A lot of what many people think is "obsolete" is the glue that holds their fancy GUI systems together.
and as far as the comment that you shouldn't need to read a manual to understand how to use your computer.. I call BS on that one. Just because there is a GUI does not mean you can be lazy and not write good documentation.
If people can't be bothered to read a manual they don't deserve to use a computer.
yes, it's the glue that keeps everything together.
I think all instructions manuals i saw in my life for a GUI were the kind of "To delete the file, press the delete button".... This is for end-users, like the infamous "don't stop the chain with your hand (in a chainsaw's manual) or, the content can become hot when heated lol.... When you spot a user on your network that actually NEEDS to read that kind of manual, you know that if you ever have to do something in the command line on thier PC, you hang-up, you take a walk up to thier office, and do it yourself LOL!!
But when you are writing a complex command line full of switches and options and variables, that will for intance, backup the company's "account receivable database" each night, it would be pretty suicidal to not have your open book right beside your keyboard....
i put count=2 in my dd command so not only the MBR is overwritten but also the first sector of your first partition (which is your OS's bootsector or worst, a part of your kernel's code, on 98% of the machines out there).... this is fatal. even if you recover your MBR, you won't recover your system.
And, for the original question (sorry for derailing the thread), i think it's the surprise effect, when that black window opens, poeple are disoriented cause there are no buttons, no nice background, no menu bars at the top, no flirty paper clips and then, to add to the shock, you ask them to type words they never heard before, words that have no meaning to them, and with a usually bizar syntax (which has to be exact, a / is not a \...).
A command-line interface, for many tasks and users, is the wrong user interface. CLIs are far less intuitive, instead requiring the user to memorize a long list of commands, the parameters they take, and how to use them. A person with a minimal knowledge of the commands can at least perform basic filesystem upkeep, but for anything more advanced, he or she will need to find help, and the built-in help (e.g., man or info) presumes familiarity with its commands and keyboard shortcuts. For a nontechnical user who has some foggy apperception of this, the responsibility and prerequisites can be truly frightening. To use a car analogy, it would be like asking a typical car owner to fix his or her own engine; you'll give him or her instructions over the phone, so there can't possibly be any worries that he or she might cut the wrong wire or put something in the wrong spot. What could go wrong?
A well-designer graphical user interface, in contrast, at least gives users some choices to explore.
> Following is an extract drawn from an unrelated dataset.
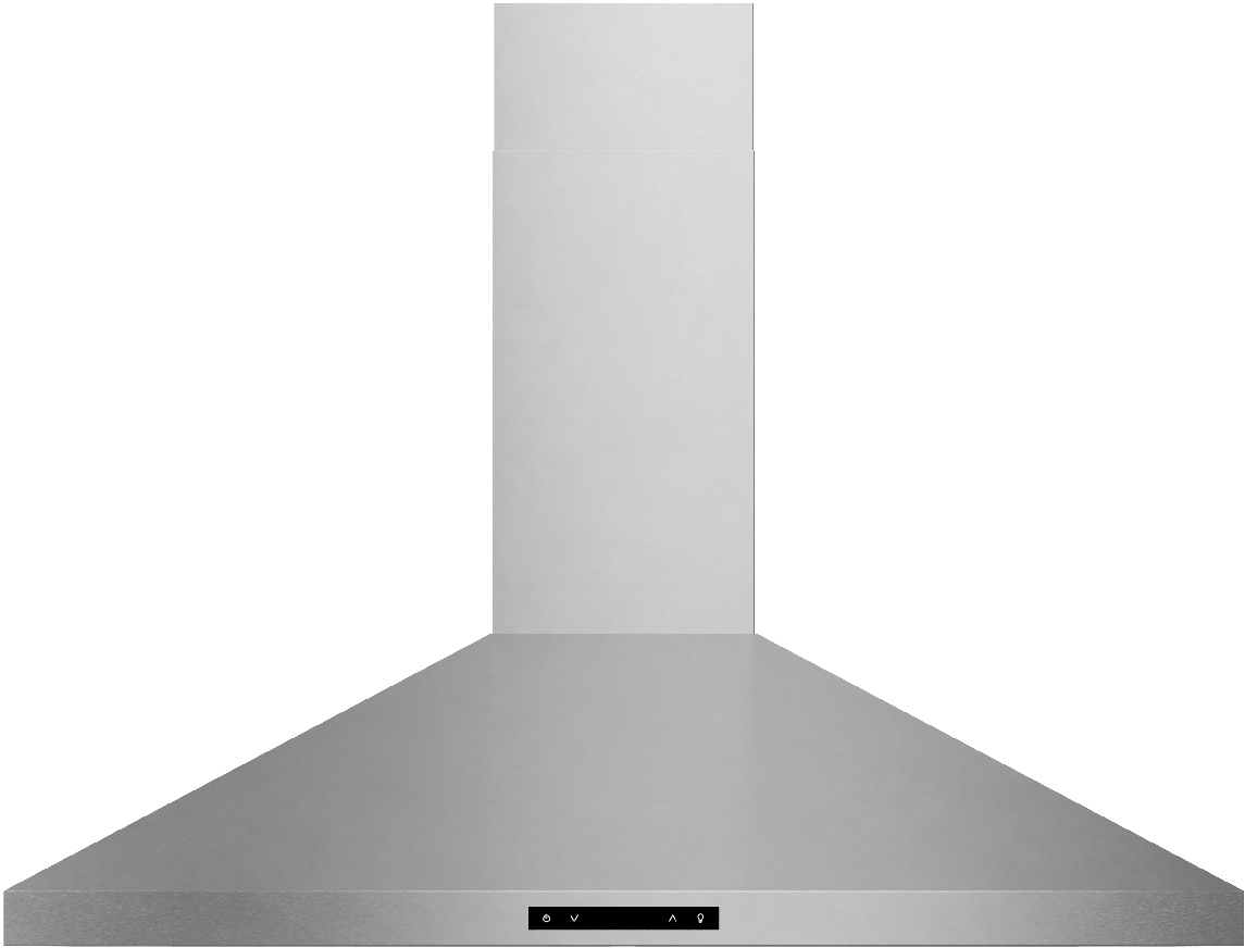 The stainless steel duct cover matches the linear styling of the THOR Kitchen 36 Inch Pyramid Range Hood and extends to accommodate 8 to 9 ft ceilings

Their options are organized in a way that makes some sense. Once they understand a few common idioms, such as an 'X' on the top right corner of a window meaning close, they can reapply that knowledge to other applications running on the operating system. Help systems and documentation are relatively easily accessible. Their files are presented to them with meaningful icons that makes skimming through folders faster.
CLIs are better suited to technical tasks. You are right that knowing the right command can make accomplishing some tasks much faster, but the trick is knowing those commands. People trained in systems administration or software development have learned how to work with this environment as a matter of course; they are more comfortable with using the man pages or searching the Internet for the answer they need. They understand benefits like automation through shell scripting and makefiles and the use of piping the output from one command to the input of another, and they use these things regularly. For nontechnical users, the steep learning curve does not justify the relatively little benefit they will get out of it.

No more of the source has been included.